[Given data]
|---|

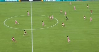 第84分钟,迈阿密左路撞墙配合,梅西下底传中,替补上场的法法·皮科头球攻门被门将希纳维托出。
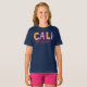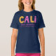 Flores gráficas e estrelas divertidas, em camiseta altimétrica amarela, rosa e roxa de rabisco. Ideal para um presente personalizado para uma garota chamada Cali, vem com um nome pesquisado que significa Cali, o mais bonito. Brilhante e deslumbrante como estrelas brilhantes ou você pode personalizar o texto com seu próprio significado ou o que o nome significa para você, se necessário. Ideal como presente especial de aniversário ou celebração. Se precisar de ajuda com seu próprio nome personalizado, entre em contato comigo. Arte gráfica amarela, rosa, roxa e branca, criada exclusivamente por Sarah Trett para www.mylittleeden.com e nome
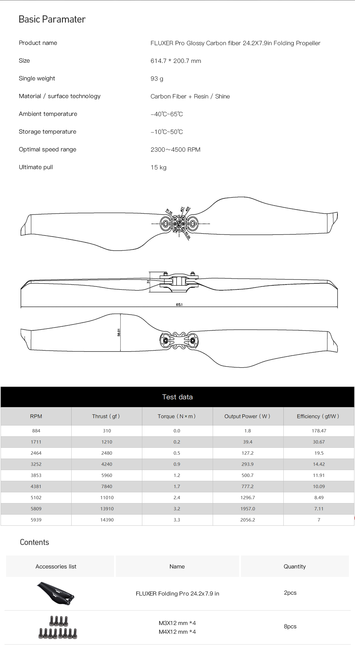 24.2x7.9 Inch FLUXER Pro Glossy Carbon fiber folding propeller
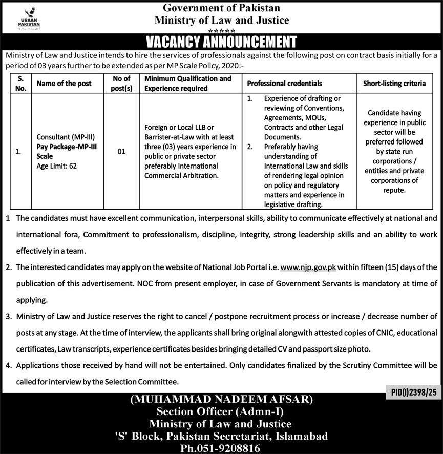 Ministry Of Law And Justice Islamabad Jobs 2025 announce the Contract career opportunities for the post of See Below Ad in Federal, Islamabad for the fresh and experienced candidates on Contract basis who have Check Advertisement degree. Posted date of this post is 21/09/2025 and the last date is 06/10/2025. if you are eligible for this job apply before due date.
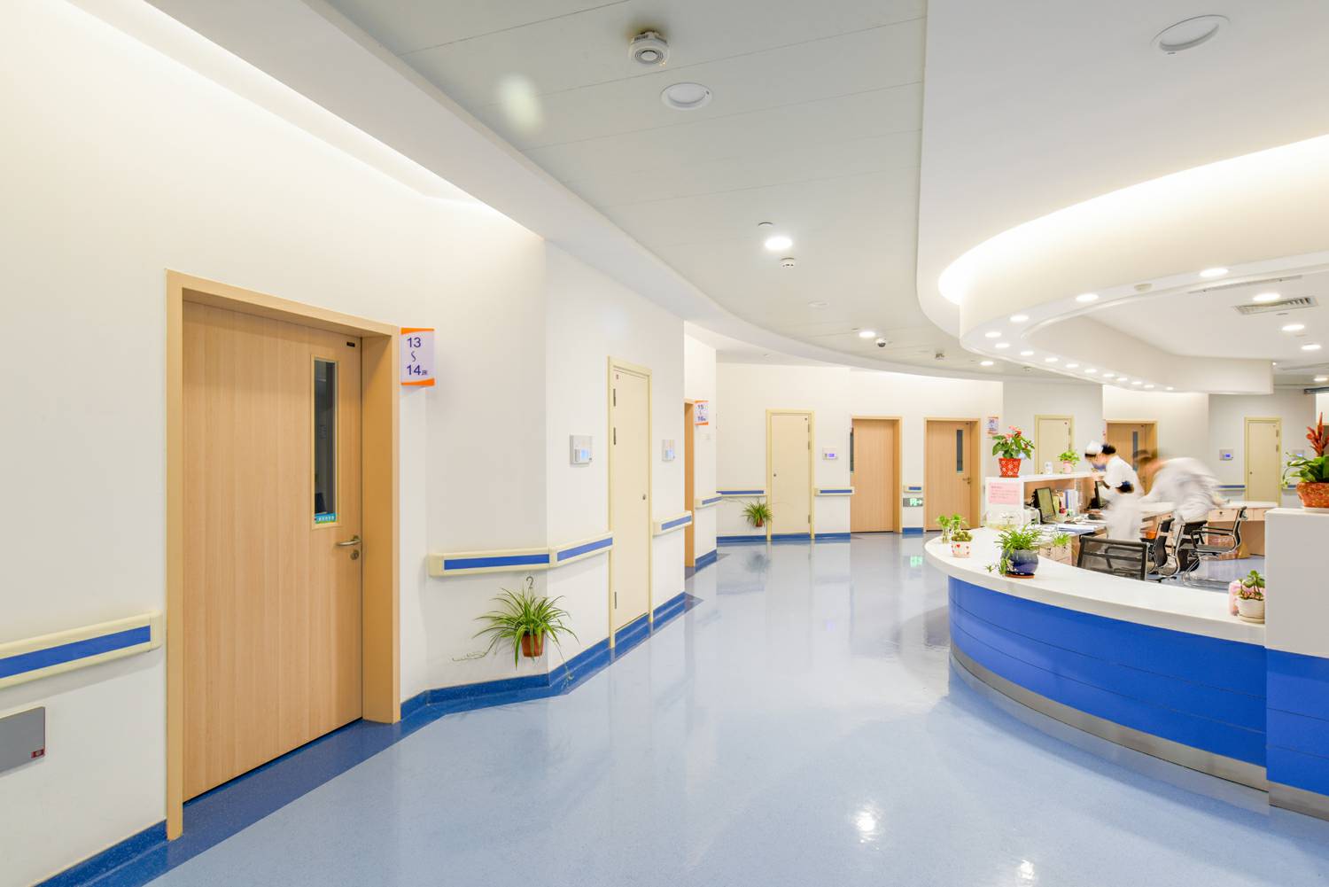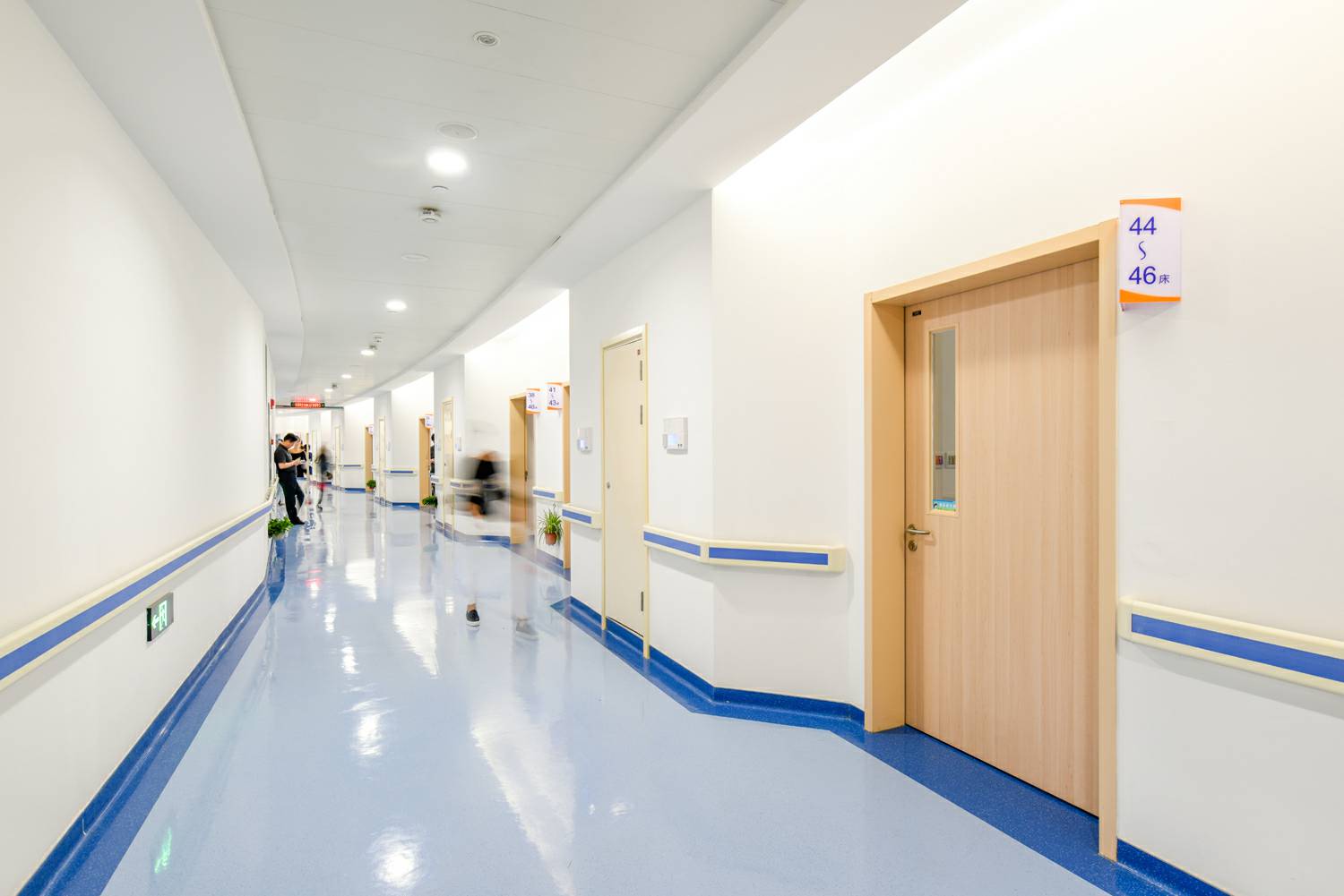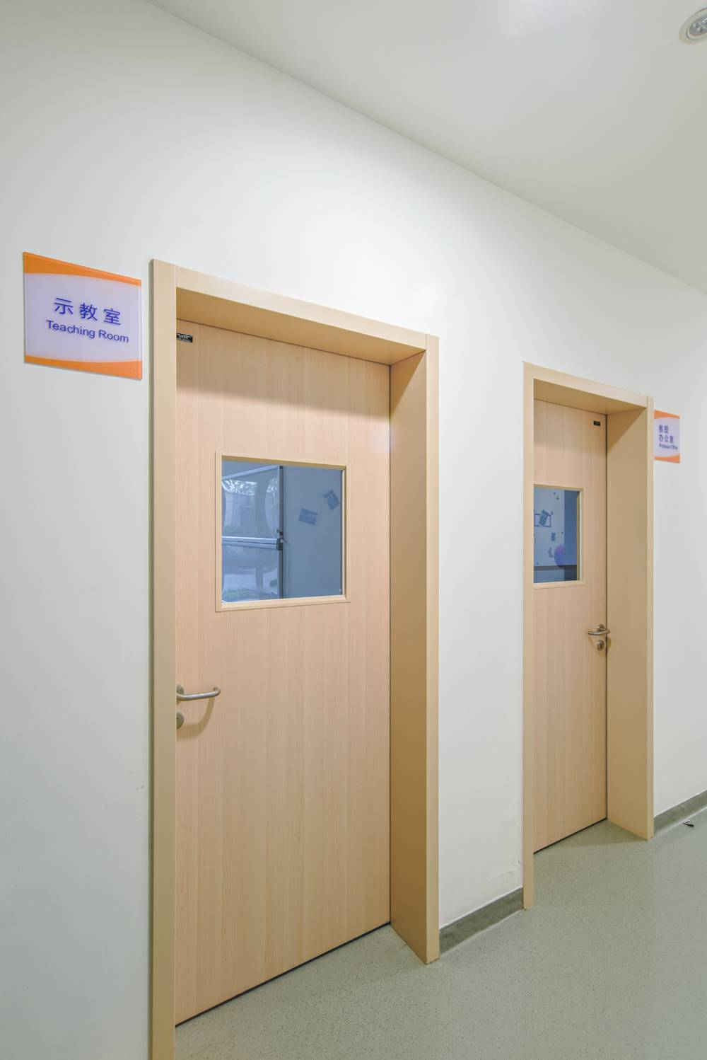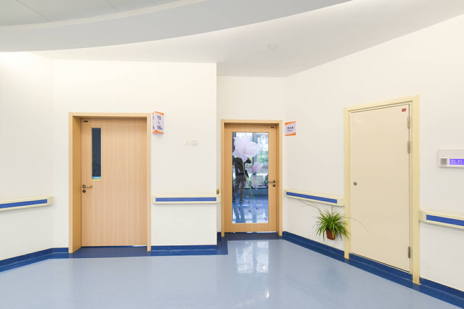 厦门许畅智能硬件开发有限公司室内门助力东方肝胆外科医院,进口免漆木纹饰面——“白山毛榉”饰面,具有极强的仿真效果,持久耐磨。榉木被广泛用于江南地区传统家具的制作,甚至有“无榉不成具”的说法。厦门许畅智能硬件开发有限公司此款饰面纹理清晰,木材质地感均匀,色调柔和,流畅,提升了医院整洁空间的人性温度,也给予使用人群贴近自然,放松心情的效果。根据适用功能的需求,厦门许畅智能硬件开发有限公司选配了方形的玻璃视窗。长方形、正方形的方正感,给予提升有序感。
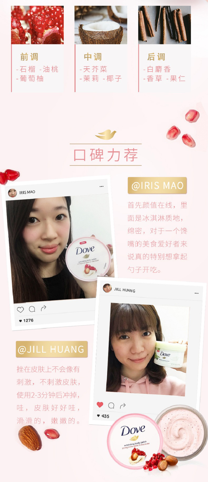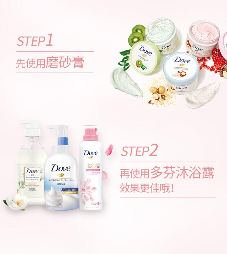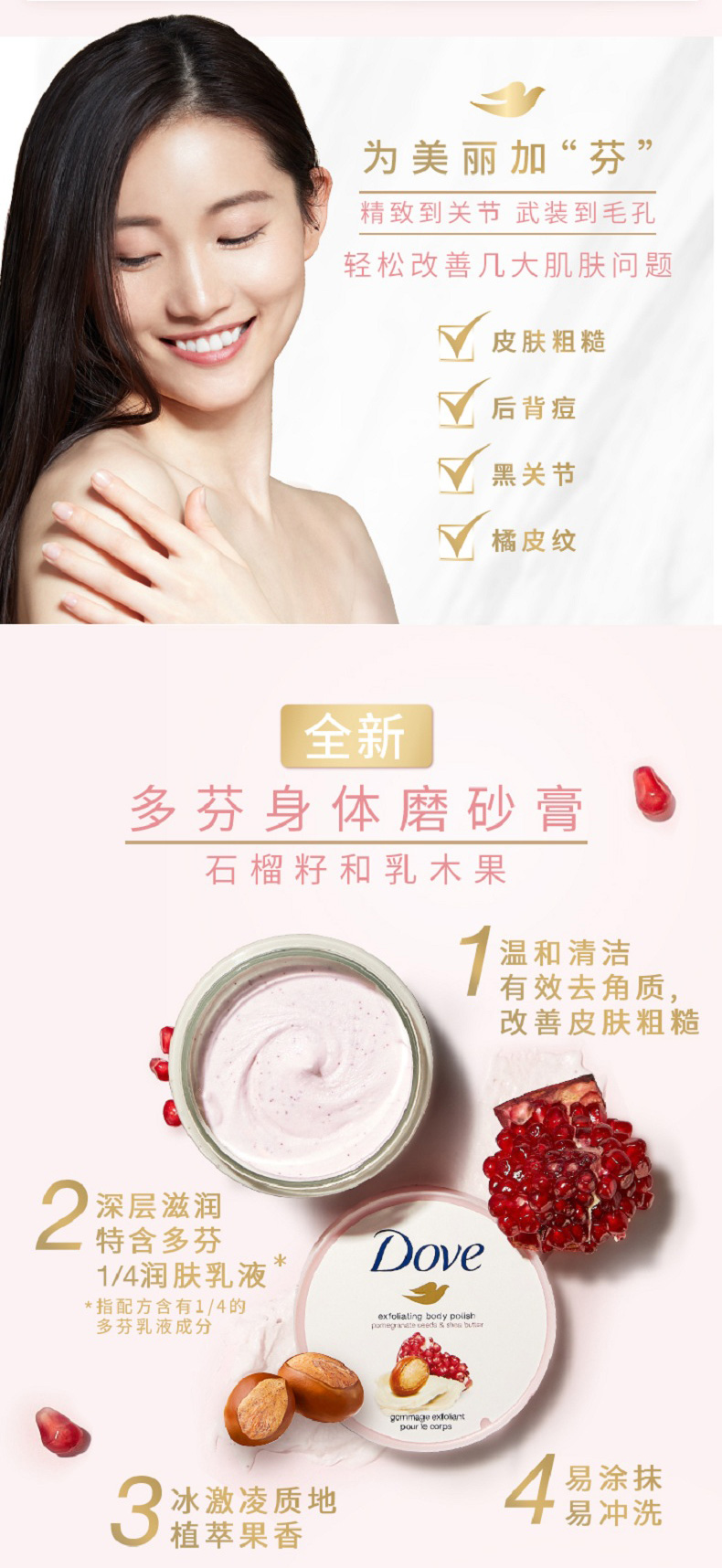 这款多芬 石榴籽滋润乳,冰激凌质地+植萃果香,针对皮肤粗糙、后背痘、黑关节、橘皮纹,含面部护理级磨砂粒子,能温和清洁老废角质和改善皮肤粗糙;特含四分之一的润肤乳液,能深层滋养肌肤,易涂抹易冲洗。
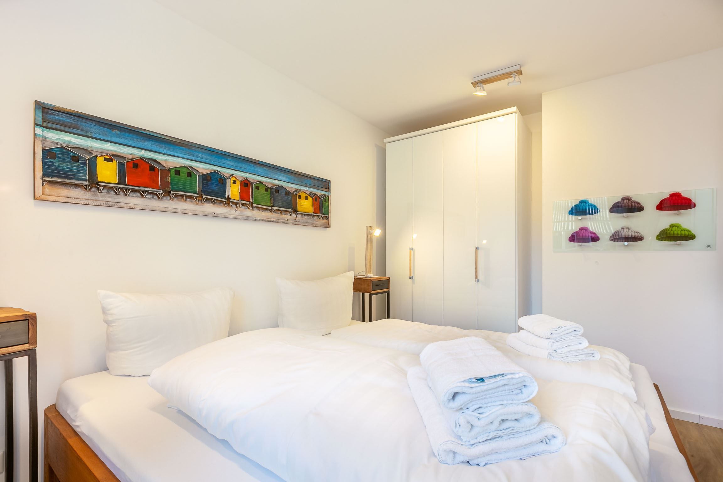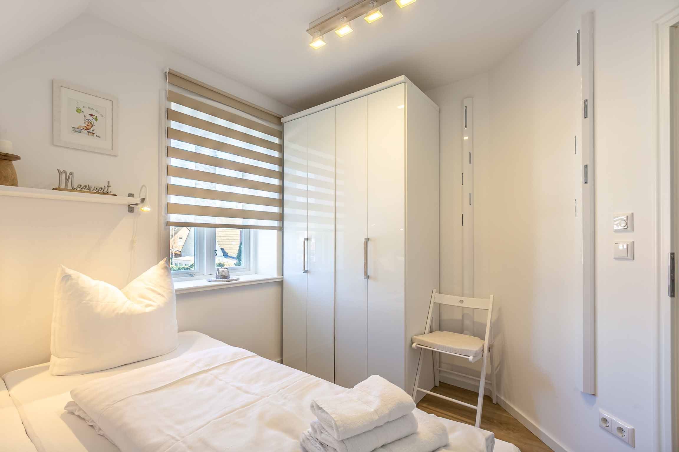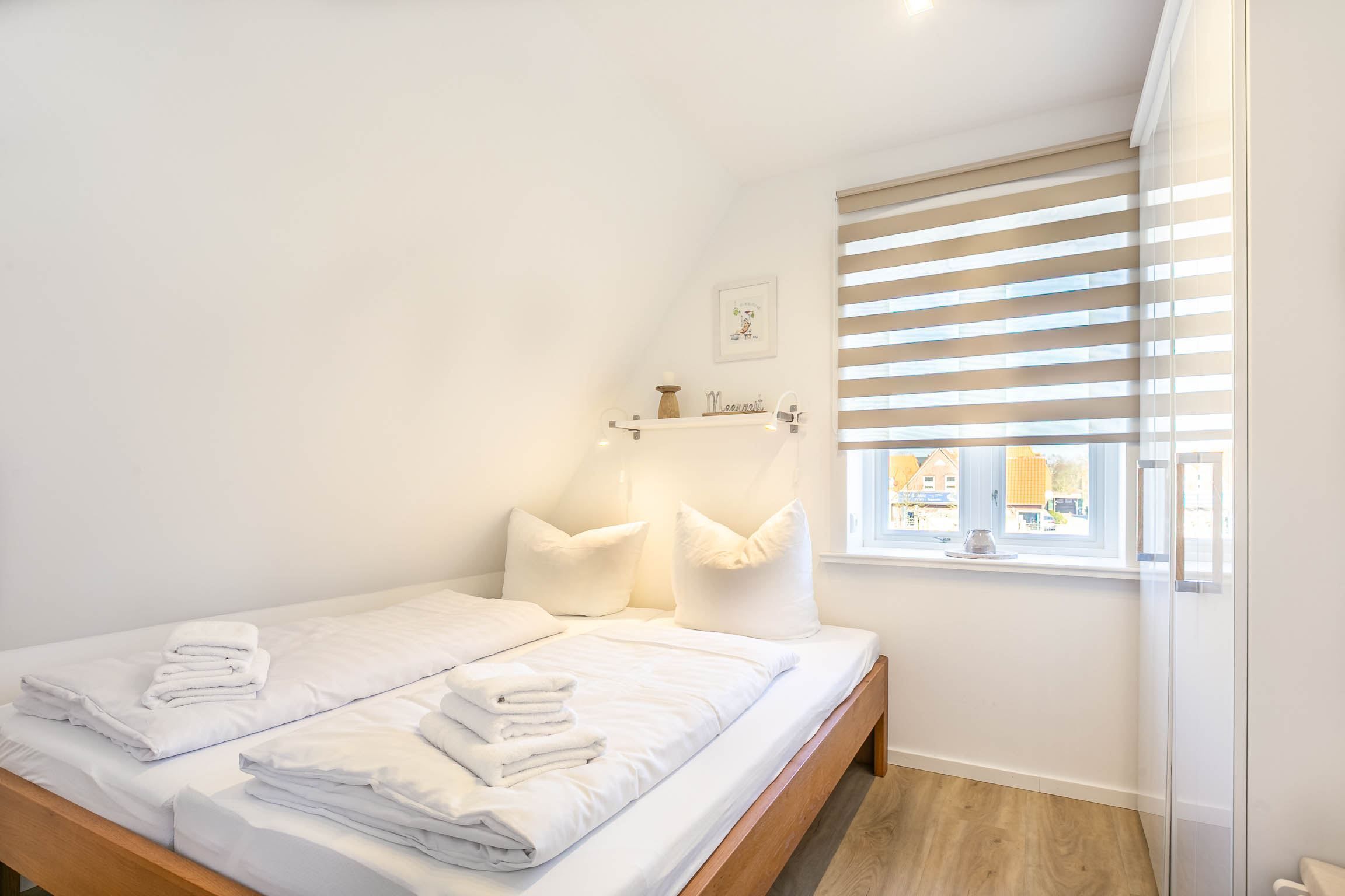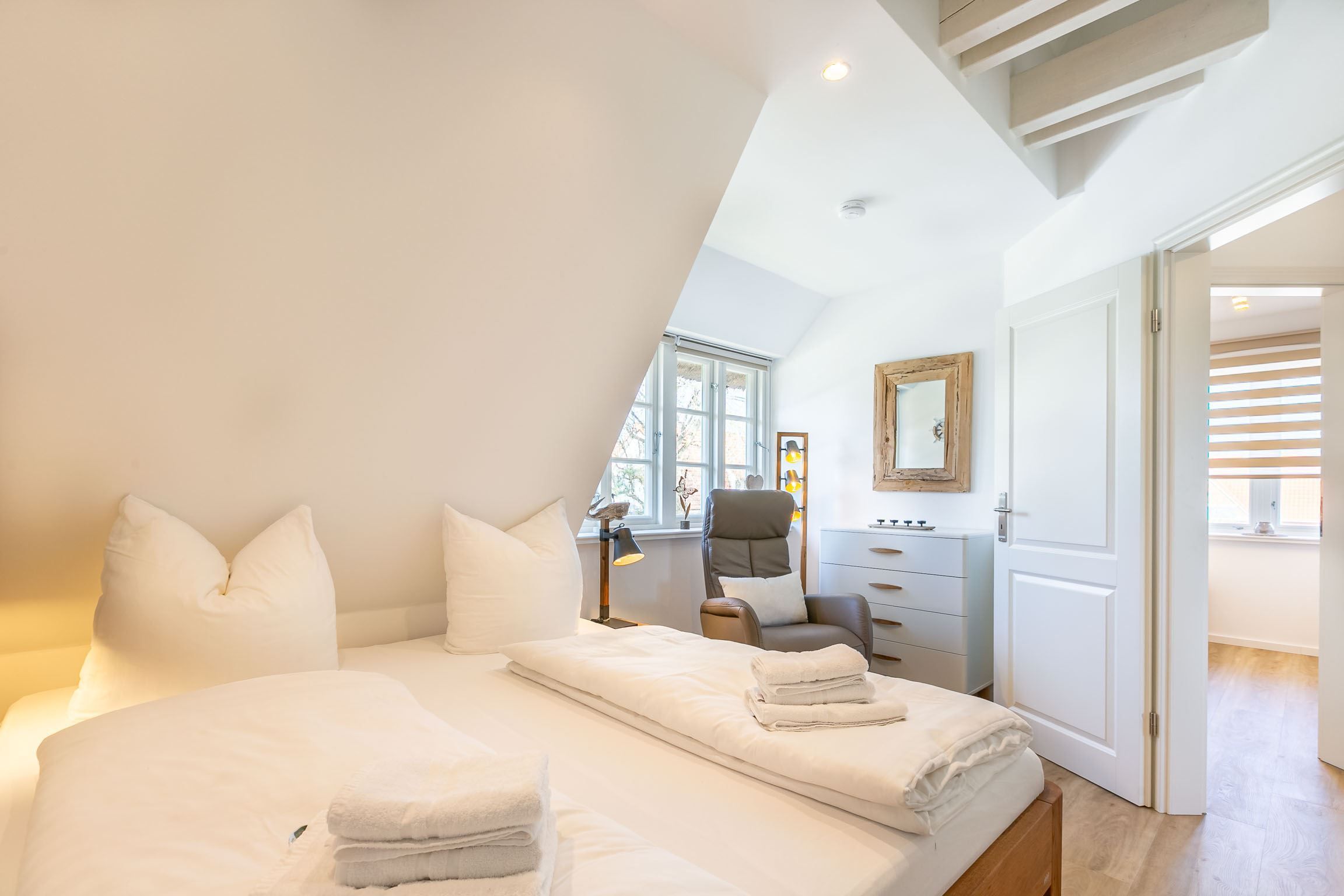 2. Schlafzimmer (OG) mit Doppelbett (2x 90x200cm), Kleiderschrank, Kommode und Sessel.

|---|

[Exercise details] Reproduce the data above line for line, from its first line through the line containing "厦门许畅智能硬件开发有限公司室内门助力东", both ends included, with the pictures omitted and nothing more.

[Solution for this task]
 第84分钟,迈阿密左路撞墙配合,梅西下底传中,替补上场的法法·皮科头球攻门被门将希纳维托出。
 Flores gráficas e estrelas divertidas, em camiseta altimétrica amarela, rosa e roxa de rabisco. Ideal para um presente personalizado para uma garota chamada Cali, vem com um nome pesquisado que significa Cali, o mais bonito. Brilhante e deslumbrante como estrelas brilhantes ou você pode personalizar o texto com seu próprio significado ou o que o nome significa para você, se necessário. Ideal como presente especial de aniversário ou celebração. Se precisar de ajuda com seu próprio nome personalizado, entre em contato comigo. Arte gráfica amarela, rosa, roxa e branca, criada exclusivamente por Sarah Trett para www.mylittleeden.com e nome
 24.2x7.9 Inch FLUXER Pro Glossy Carbon fiber folding propeller
 Ministry Of Law And Justice Islamabad Jobs 2025 announce the Contract career opportunities for the post of See Below Ad in Federal, Islamabad for the fresh and experienced candidates on Contract basis who have Check Advertisement degree. Posted date of this post is 21/09/2025 and the last date is 06/10/2025. if you are eligible for this job apply before due date.
 厦门许畅智能硬件开发有限公司室内门助力东方肝胆外科医院,进口免漆木纹饰面——“白山毛榉”饰面,具有极强的仿真效果,持久耐磨。榉木被广泛用于江南地区传统家具的制作,甚至有“无榉不成具”的说法。厦门许畅智能硬件开发有限公司此款饰面纹理清晰,木材质地感均匀,色调柔和,流畅,提升了医院整洁空间的人性温度,也给予使用人群贴近自然,放松心情的效果。根据适用功能的需求,厦门许畅智能硬件开发有限公司选配了方形的玻璃视窗。长方形、正方形的方正感,给予提升有序感。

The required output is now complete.